Shake-up will let patients ‘shop around’ for treatment

Patients will be encouraged to book private treatment through the app in a bid to slash waiting lists, it was claimed last night. Delays for routine treatments have reached a record 7.33million and are predicted to keep rising, forcing increased use of private hospitals.

But there is a cross-party consensus this will only happen if patients are given a choice about where they are treated.
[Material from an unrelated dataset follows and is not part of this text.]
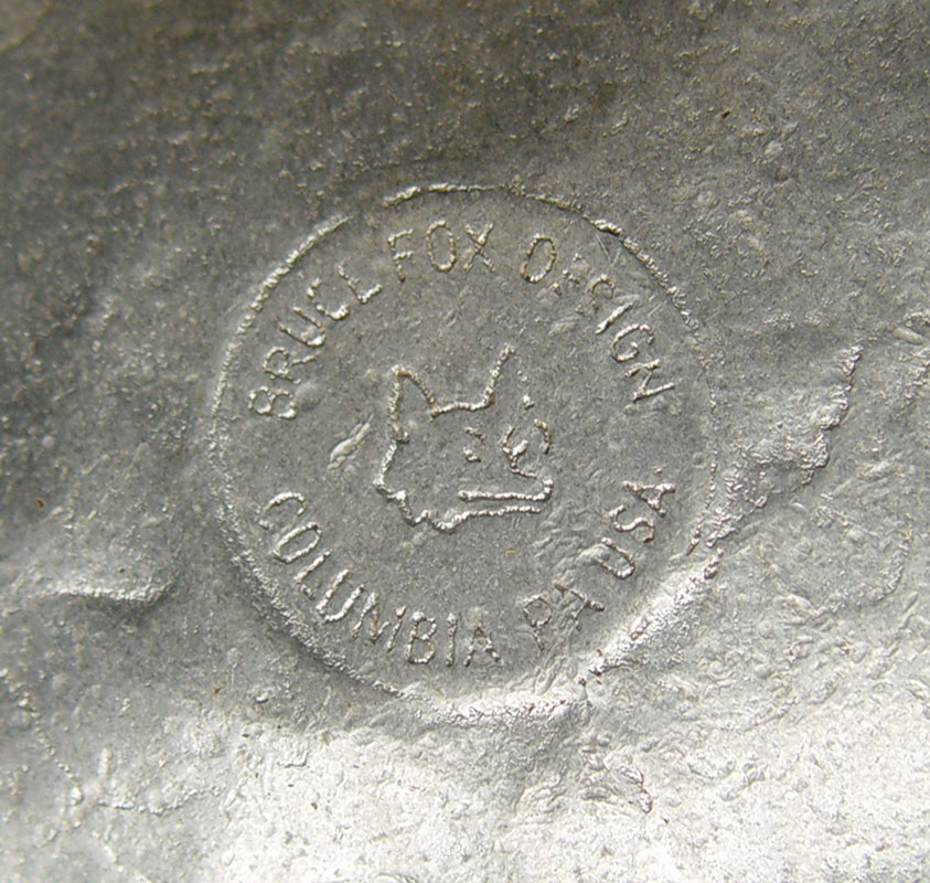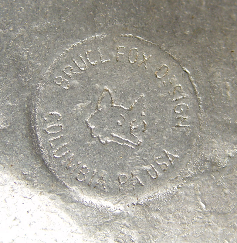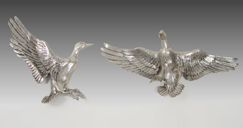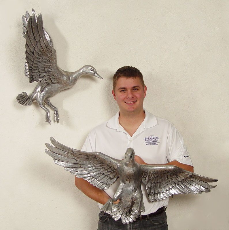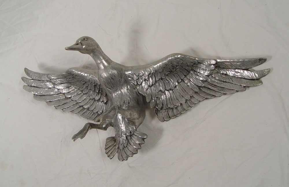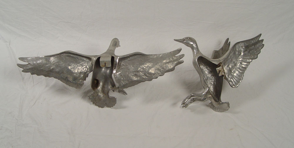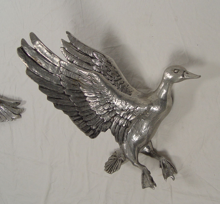 PAIR BRUCE FOX LARGE ALUMINUM MALLARD DUCKS: Wall mount, larger than life, both in flying positions. Impressed Bruce Fox Design, Columbia PA USA mark. Made of aluminum, so perfect for outdoor mounting as well. First measures 17'' x 39'' x 12''. Second measures 27'' h. x 21'' x 16 1/2''.

The NHS app will play a significant role in encouraging choice and reducing queues as it will allow patients to shop around private treatment centres for short waiting times.

Rishi Sunak believes that offering patients better data on their local hospital’s performance and more options on location will put pressure on poor performers and drive up standards.

Patients will be encouraged to book private treatment through the NHS app (pictured) in a bid to slash waiting lists, it was claimed last night

Patients will be encouraged to book private treatment through the NHS app (pictured) in a bid to slash waiting lists, it was claimed last night

GPs are expected to be more closely monitored to see whether they routinely offer a choice of providers to patients, including private centres.

In the coming weeks, the Prime Minister is expected to promote patient choice and publish a report recommending increased treatment capacity ‘as far as possible via the independent sector’.

Patient choice will become ‘the default mechanism’ for those who are referred for routine care and Mr Sunak is expected to insist that voice is made central to the NHS.

Wha is the NHS App?

The NHS App lets you access a range of NHS services.

You can download it on your phone or tablet or access the same services in a online through the NHS website.

You must be aged 13 or over and registered with a GP surgery in England or the Isle of Man to use it.

What you can do with the NHS App

  • order repeat prescriptions and nominate a pharmacy where you would like to collect them
  • book and manage appointments
  • view your GP health record to see information like your allergies and medicines (if your GP has given you access to your detailed medical record, you can also see information like test results)
  • book and manage coronavirus (COVID-19) vaccinations
  • get your NHS COVID Pass (there are also other ways to get your COVID Pass)
  • register your organ donation decision
  • choose how the NHS uses your data
  • view your NHS number (find out what your NHS number is)
  • use NHS 111 online to answer questions and get instant advice or medical help near you

Sir Tony Blair introduced a patient’s right to choose where they are treated but the power to exercise this right has diminished as the NHS focuses on other priorities.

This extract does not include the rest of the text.